PROBLEM DETAILS = When you reach a picture, skip it, and retype every line below exactly.

SUPPLIED MATERIAL =
============================================================

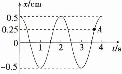 C 在题图中的A点,其位移$x = 0.25\ cm$,故此时弹力$F = kx = 20 × 0.25\ N = 5\ N$,其位置在$x$轴的正半轴,故受力方向指向$x$轴负方向,故A正确;在A点,振子正在向$x$轴正方向运动,故B正确;由题图可知周期$T = 2\ s$,故振子在$4\ s$内做了$2$次全振动,故C错误;由于$4\ s = 2T$,故振子通过的路程为$2 × 4 × 0.5\ cm = 4\ cm$,故D正确。故选C。
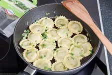 - Jetzt schwenkst Du die Spinat-Ravioli kurz in der Pfanne und nimmst sie von der Herdplatte.
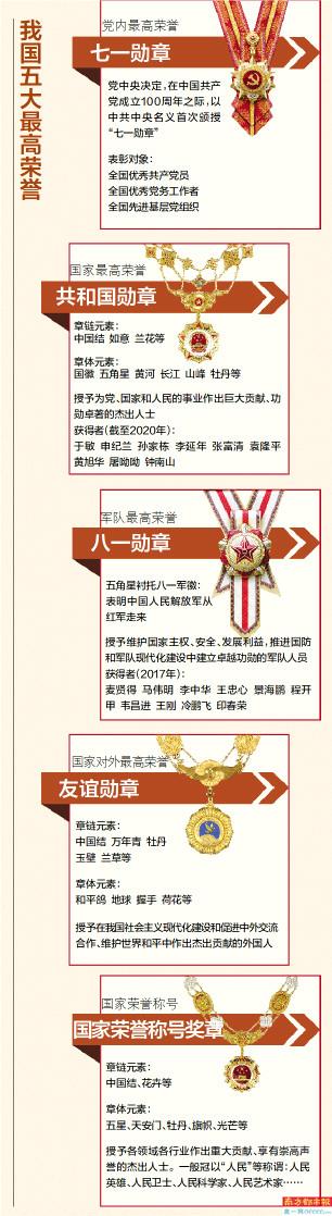 至此,以“五章一簿”为主干的功勋荣誉表彰制度体系被确立——“共和国勋章”、“七一勋章”、“八一勋章”、“友谊勋章”、国家荣誉称号,国家功勋簿。随着此次“七一勋章”的颁授,中国当下五大最高荣誉在中共成立百年之时,将全部颁齐。
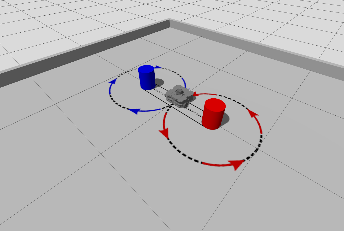 As shown above, for the assessment there will be cylindrical beacons placed at the centre of each of the figure-of-eight loops which the robot will need to move around as it completes the task. We have therefore also created a simulation environment that is representative of the real world environment. This is available in the tuos_task_sims package, which is part of the tuos_ros Course Repo. The instructions for downloading and installing this within your own local ROS installation are available here.

============================================================

ANSWER =
 C 在题图中的A点,其位移$x = 0.25\ cm$,故此时弹力$F = kx = 20 × 0.25\ N = 5\ N$,其位置在$x$轴的正半轴,故受力方向指向$x$轴负方向,故A正确;在A点,振子正在向$x$轴正方向运动,故B正确;由题图可知周期$T = 2\ s$,故振子在$4\ s$内做了$2$次全振动,故C错误;由于$4\ s = 2T$,故振子通过的路程为$2 × 4 × 0.5\ cm = 4\ cm$,故D正确。故选C。
 - Jetzt schwenkst Du die Spinat-Ravioli kurz in der Pfanne und nimmst sie von der Herdplatte.
 至此,以“五章一簿”为主干的功勋荣誉表彰制度体系被确立——“共和国勋章”、“七一勋章”、“八一勋章”、“友谊勋章”、国家荣誉称号,国家功勋簿。随着此次“七一勋章”的颁授,中国当下五大最高荣誉在中共成立百年之时,将全部颁齐。
 As shown above, for the assessment there will be cylindrical beacons placed at the centre of each of the figure-of-eight loops which the robot will need to move around as it completes the task. We have therefore also created a simulation environment that is representative of the real world environment. This is available in the tuos_task_sims package, which is part of the tuos_ros Course Repo. The instructions for downloading and installing this within your own local ROS installation are available here.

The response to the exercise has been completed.